▶ _About this task_
What is needed is an exact copy of the lines from the one containing "Cherry Suede Studded Mini Skort" through the last line of the records below, with no pictures.

▶ _Provided information_
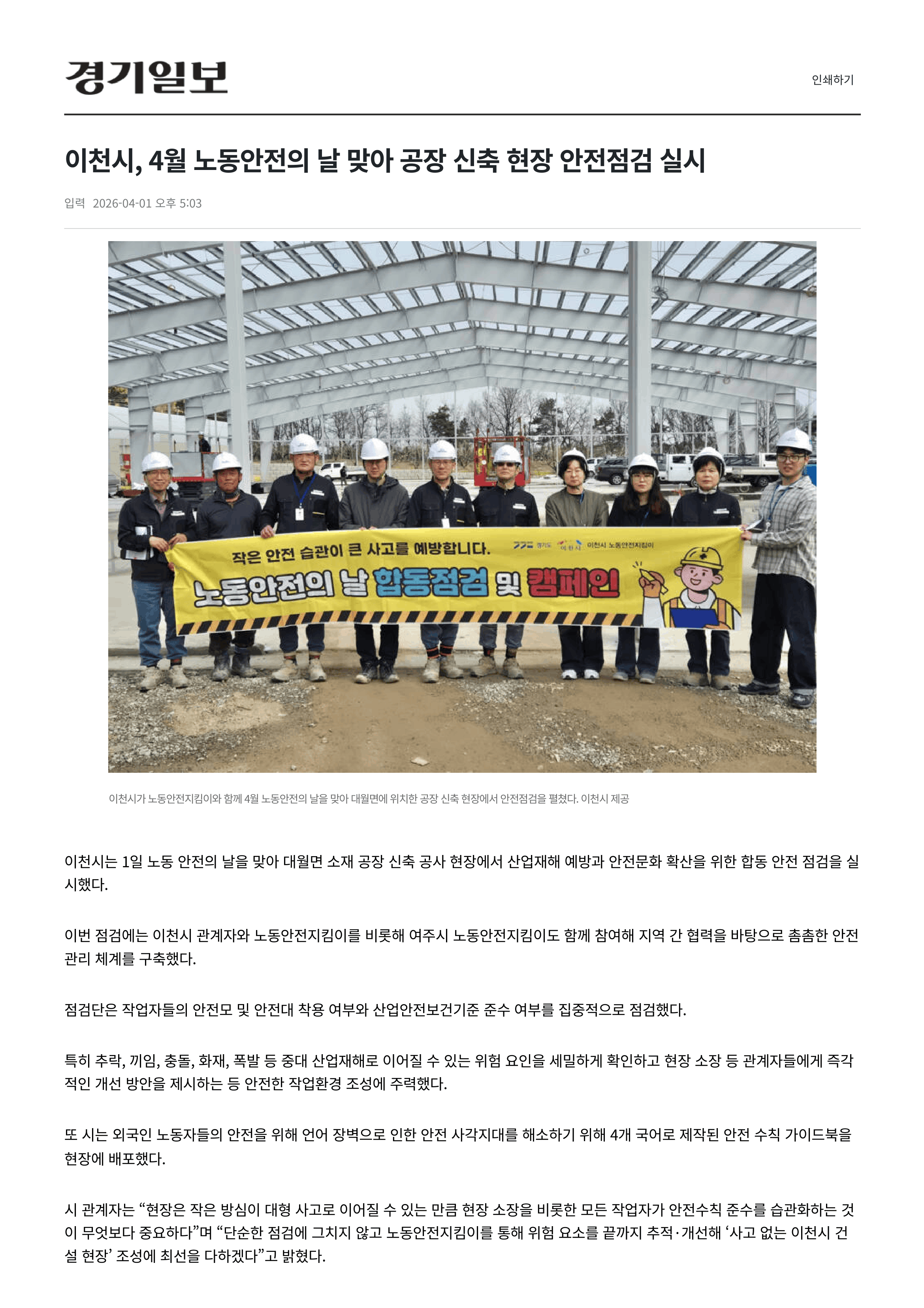 이천시, 4월 노동안전의 날 맞아 공장 신축 현장 안전점검 실시
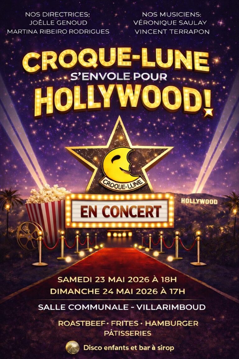 À travers un concert mêlant chant, mise en scène et touches d’humour, les enfants vous emmènent dans l’univers du cinéma et du spectacle. Inspiré de l’ambiance hollywoodienne, ce moment festif propose un joli mélange de chansons, d’interprétations et de clins d’œil au monde du grand écran.Entre énergie, émotions et créativité, petits et grands sont invités à partager une soirée conviviale, rythmée et pleine de surprises.Restauration : Roasbeef Frites Hambruger PâtisserieDisco enfants et bar à siropLieu : Salle Communale de Villarimboud1690 Villarimboud Lieu : Salle Communale de Villarimboud1690 Villarimboud
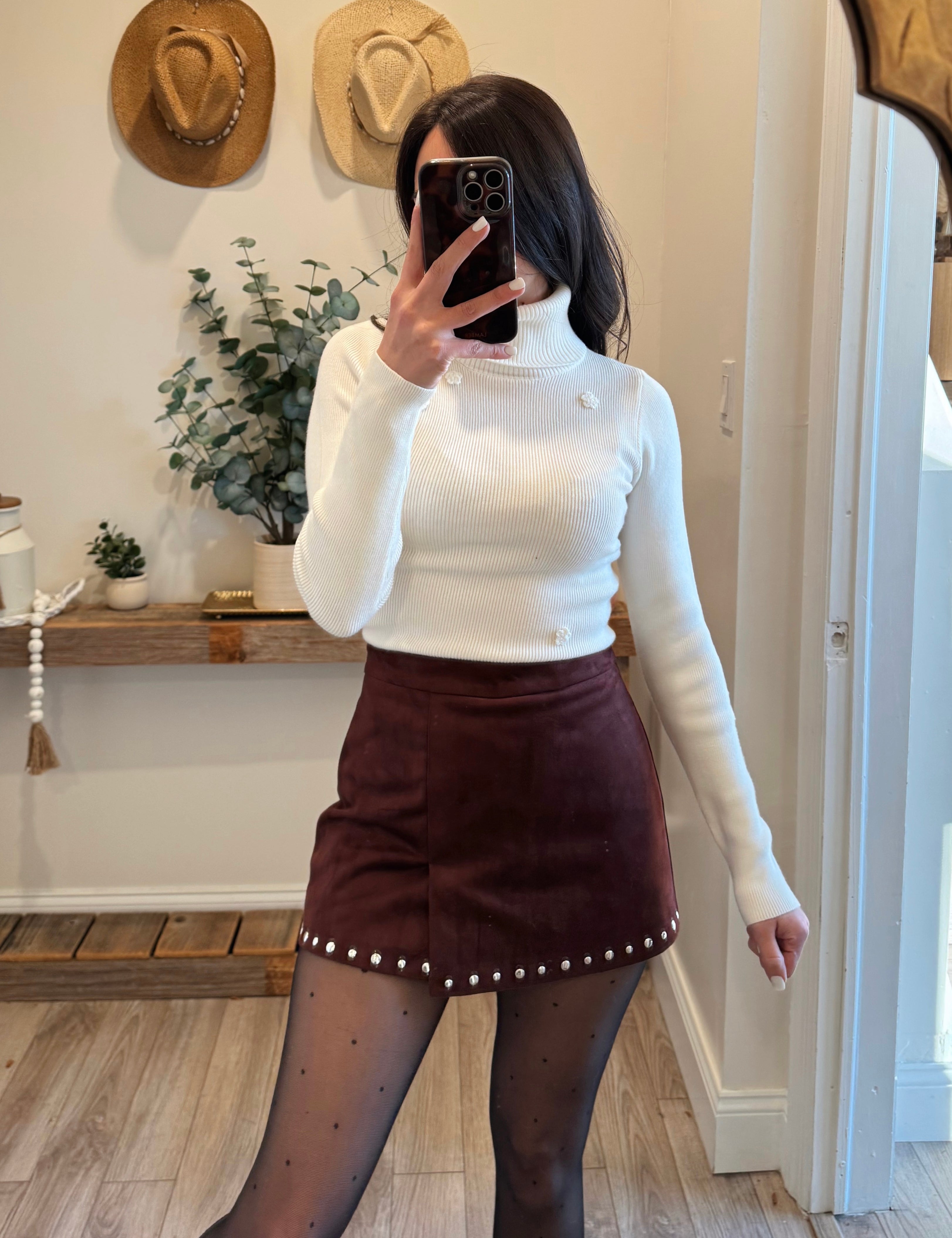 Cherry Suede Studded Mini Skort
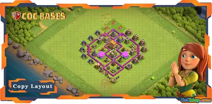 Effective TH6 farming base layout designed to prevent 2-star attacks and maximize resource protection, complete with a custom link for deployment.
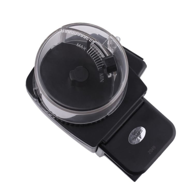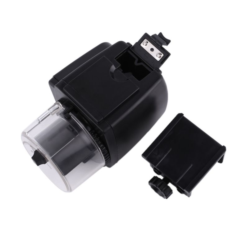 Can fill the container with food without disassembling the automatic feeder. Programmable food volumes and feeding times. By adjusting the slider, you may increase or decrease the amount of food dispensed per rotation.
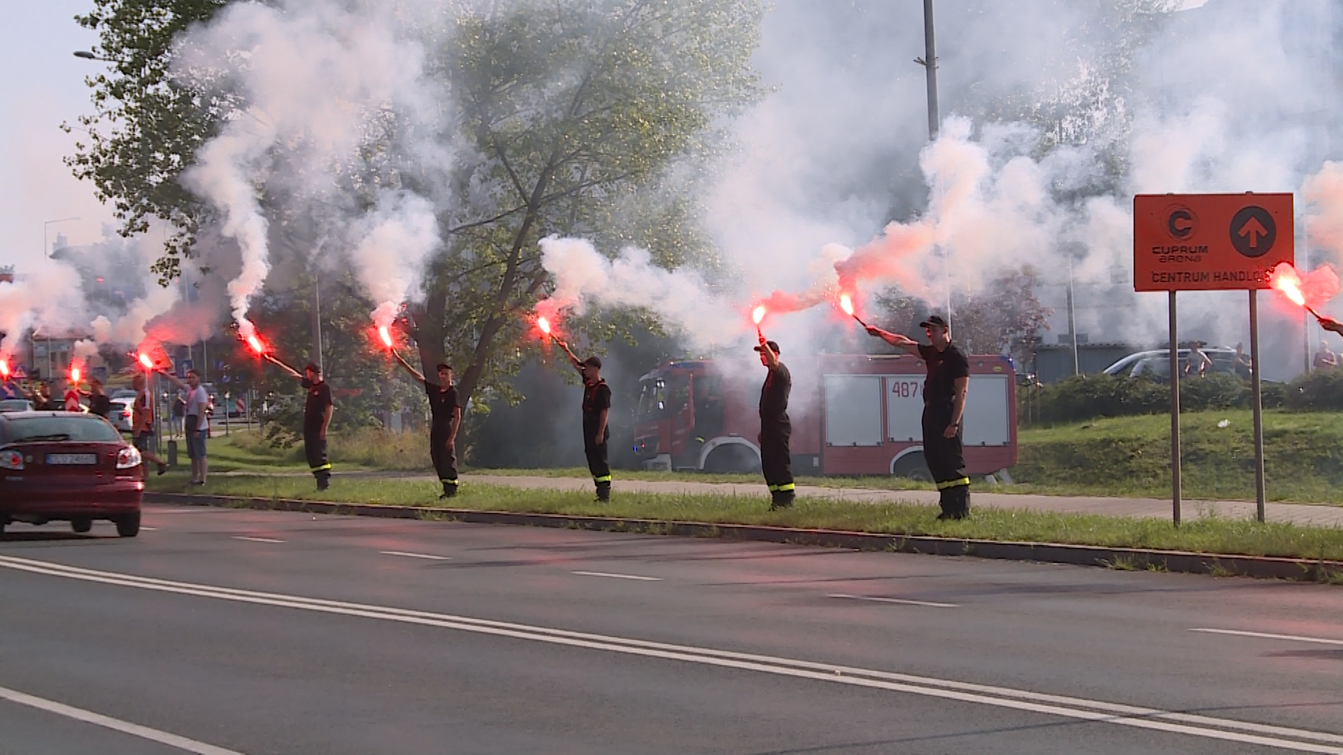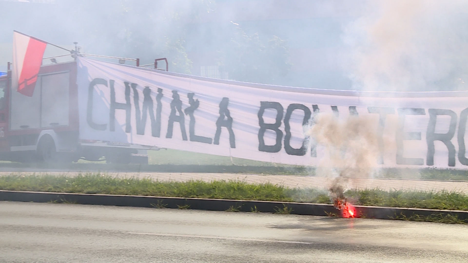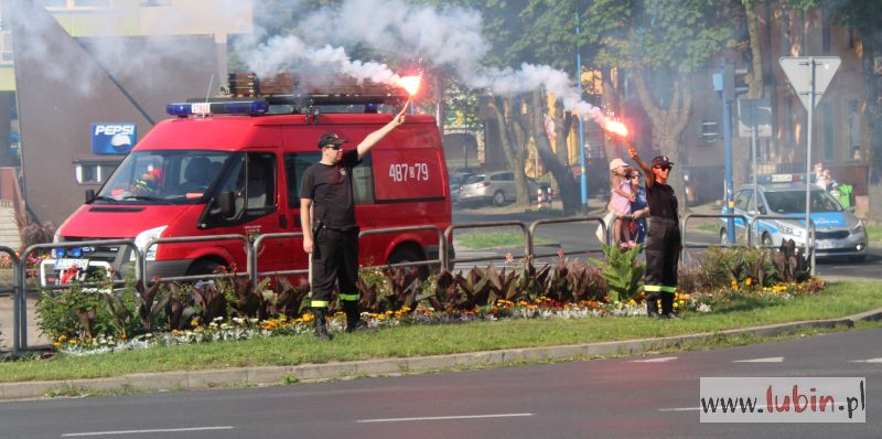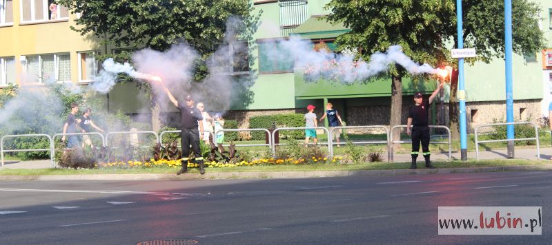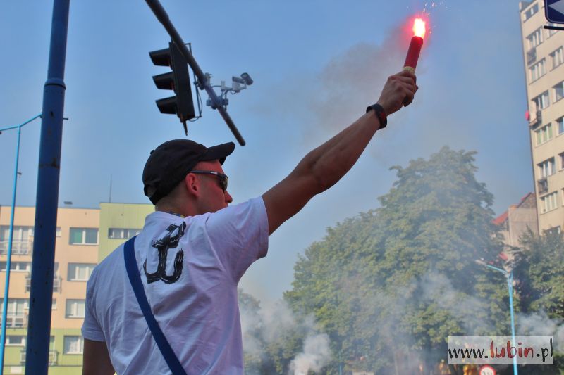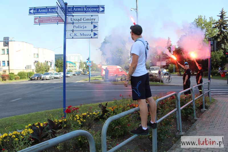 Również kibice Zagłębia Lubin uczcili rocznicę wybuchu powstania warszawskiego. Dokładnie o 17 odpalili race na skrzyżowaniu ulic Paderewskiego i Wrocławskiej.

▶ _Reply to the exercise_
 Cherry Suede Studded Mini Skort
 Effective TH6 farming base layout designed to prevent 2-star attacks and maximize resource protection, complete with a custom link for deployment.
 Can fill the container with food without disassembling the automatic feeder. Programmable food volumes and feeding times. By adjusting the slider, you may increase or decrease the amount of food dispensed per rotation.
 Również kibice Zagłębia Lubin uczcili rocznicę wybuchu powstania warszawskiego. Dokładnie o 17 odpalili race na skrzyżowaniu ulic Paderewskiego i Wrocławskiej.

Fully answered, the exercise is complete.